One of the joys (and chores) of a Catholic priest is to hear confessions. I say “chore” because it is tiring to sit there for hours listening to what seems the same old stuff. I realize that for the penitent it is a guilty and often shameful worry and a great relief to make one’s confession for I too am a penitent. I only express this very human feeling that I sometimes experience–but this human weariness disappears as I reflect on the joy and wonder of the sacrament.

This is hammered home to me each year as I hear the first confessions of our first Holy Communion children. There they are, year after year coming to the age of reason and clearly they have come to think about themselves and their sins. Of course they have done very little that is really bad. Some naughtiness, some disobedience, the usual stuff of early childhood. But what is so moving is that they are there, already doing their duty as little Catholics and are mostly excited by the opportunity. I share their joy.

The genius of confession is that, when one comes to confession we are not simply confessing the bad things we’ve done and receiving forgiveness. Perhaps most importantly, we are taking responsibility for ourselves. We are admitting that it is our fault. We can’t blame someone else. How different this is from so many forms of psychological counseling and popular self help programs in which the troubled person is encouraged to dig around to find what happened to them–how they were abused or disadvantaged–and how someone else or some other circumstances are responsible for their difficulties. Of course sometimes other ARE involved, and counseling can help to bring those problems to light, but it is confession in which the person (no matter who is to blame) takes responsibility and says, “I will do something about this.”

I remember working once with a young man who hated his mother. She was indeed an abusive and horrible mother, but in counseling he wanted to confess this but pleaded with the counsellor, “I can’t confess my mother’s sins!”

“True” said the counsellor, “But you confess your hatred of your mother and receive healing”

This is the genius of confession–that ordinary men and women, boys and girls are accepting the reality of being responsible for themselves. This, I believe, is the underlying genius of Christianity. In a world in bondage to fatalism, Christ steps in and says, “You are not in bondage to the whims of the gods. You are not in bondage to powers beyond your control. You are not in bondage to the fates. You can take responsibility. You must take responsibility for yourself, for your world and for your eternal destiny. This begins by being penitent. When you confess your sins you are automatically saying, “It’s me. I take the blame and I take the responsibility.”

The genius of this is that in doing so we are also saying, “Although I take the responsibility I also admit that I cannot do it myself so I am asking for divine assistance.” This is the transaction we call “faith”. A simple soul saying, “I am taking responsibility for myself, but dear God, I need some help.”

That this basic and essential viewpoint is being learned experientially by seven and eight year old children is awesome. It is this lesson perhaps more than any other, which will give them a head start in life.

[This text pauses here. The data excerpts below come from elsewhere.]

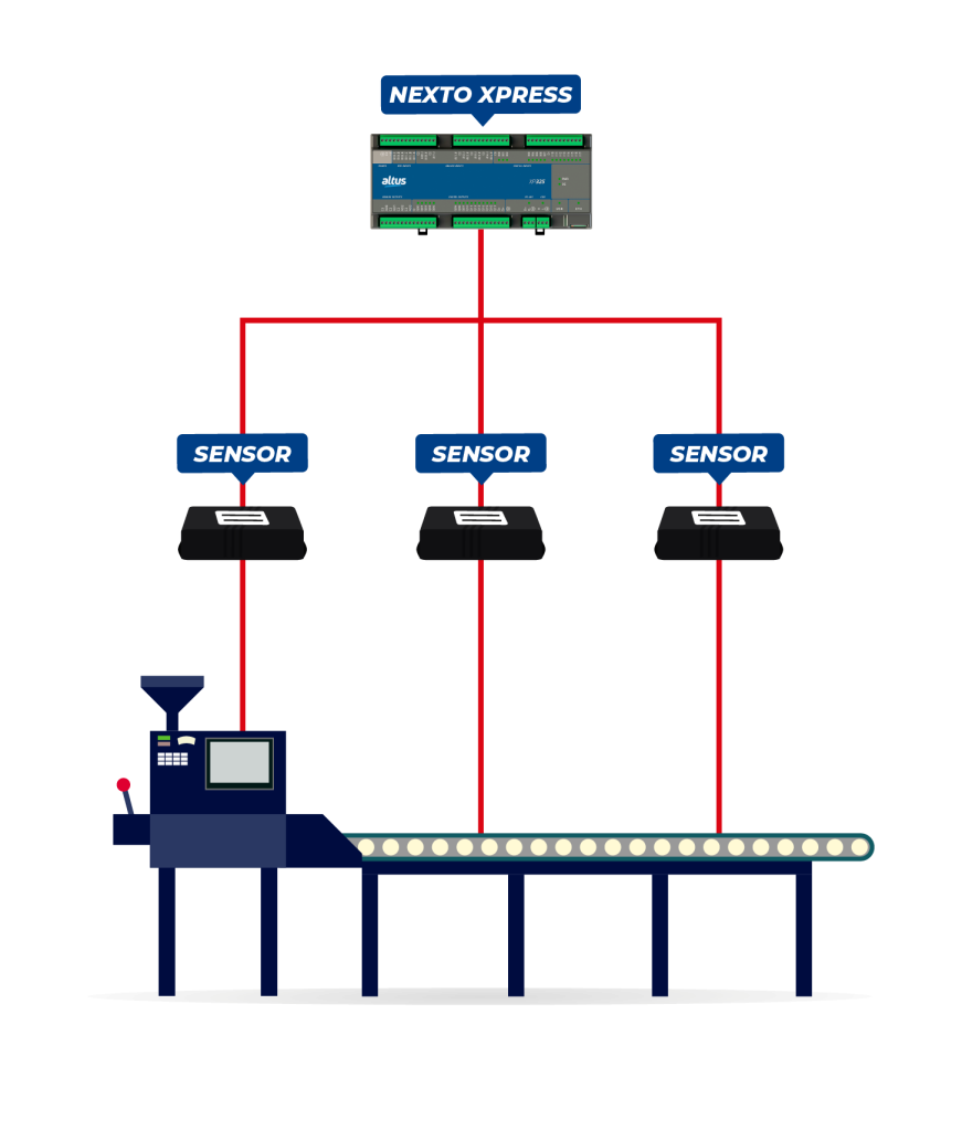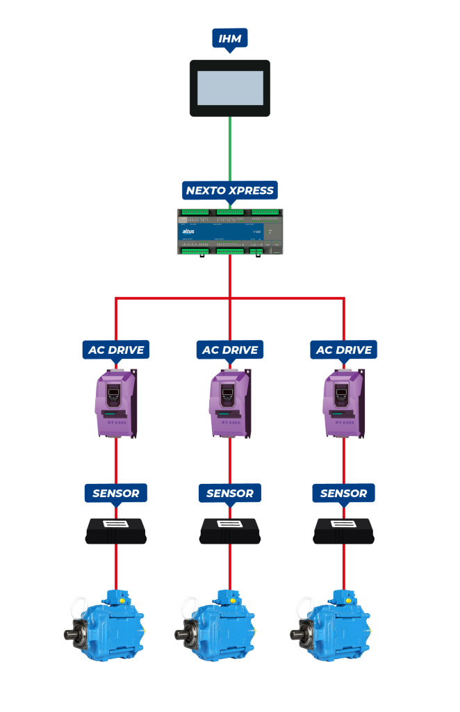 A solução para reduzir o consumo de água e o investimento em manutenção dos motores foi a instalação de um sistema de controle utilizando os controladores compactos da linha Nexto Xpress como peça central. A aplicação desenvolvida conta com um CLP Iot-Ready XP325, uma IHM P2 de 10” e inversores de frequência Altus, além de sensores em todos os pontos sensíveis do processo. Nesta aplicação, os dispositivos são responsáveis por monitorar e alertar sobre o status dos motores (ligado/desligado), a pressão da água e o nível do reservatório.
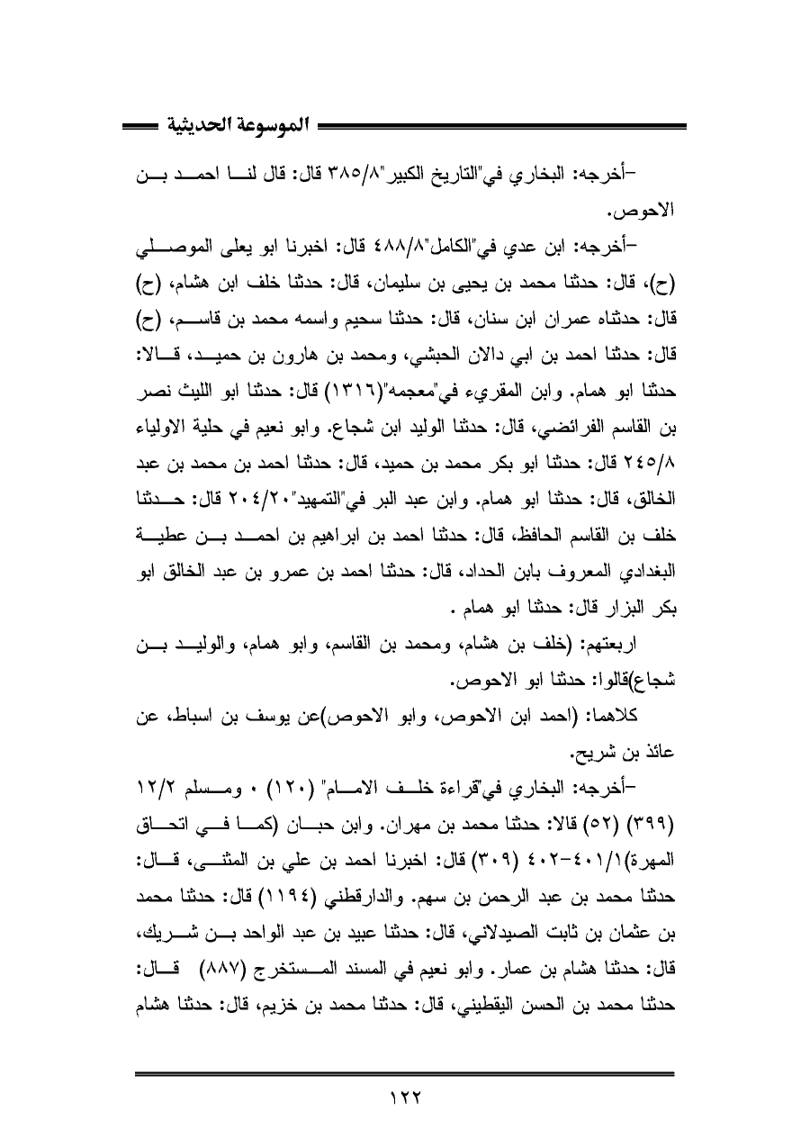 أربعتهم: (خلف بن هشام، ومحمد بن القاسم، وأبو همام، والوليد بن شجاع) قالوا: حدثنا أبو الأحوص.
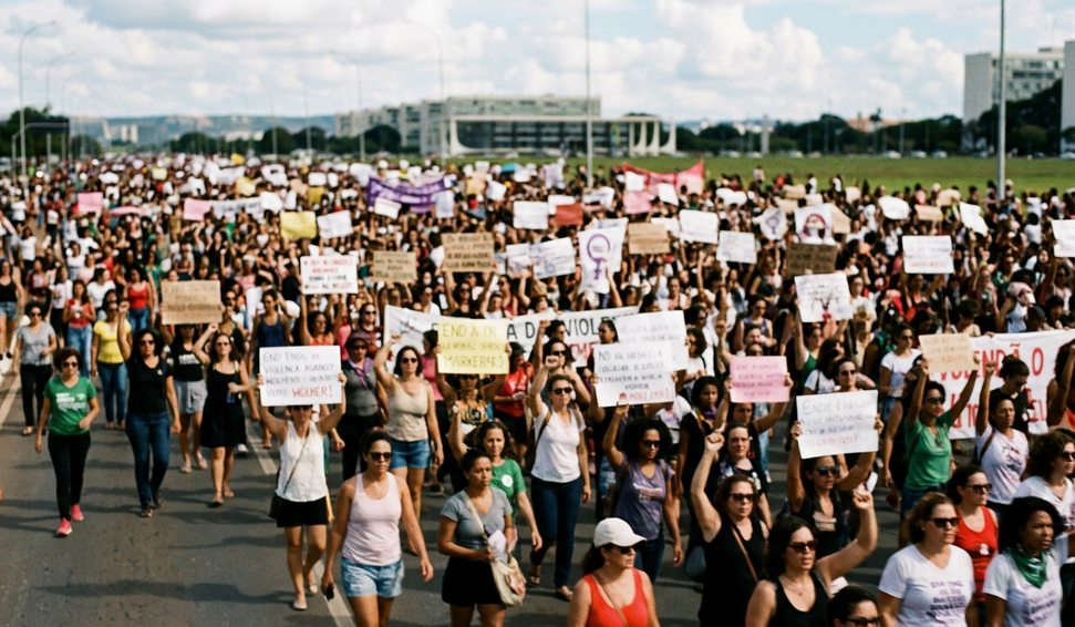 O Dia Internacional da Mulher foi marcado por manifestações em todos os Estados brasileiros e no Distrito Federal, reunindo milhares de pessoas em defesa do fim da violência contra as mulheres. Dados do Fórum de Segurança Pública apontam que, em 2025, o Brasil registrou 1.568 vítimas, um aumento de 4,7% em relação ao ano anterior.

To elaborate on this, this is also the lesson that so many in our contemporary society have never learned. This is obvious when we see the sense of entitlement and blame that is at epidemic proportions in our society. Multitudes expect someone else to take responsibility for them, to solve their problems, to give them everything, and when that doesn’t happen they blame the ones who they think owe them something. Then the blame gets ugly. They see themselves as victims. They nurture resentment and before long it turns violent.

How does the Catholic faith change the world? Maybe therefore it is as simple as Father going into the confessional, switching on the light and listening to the first confessions of second graders.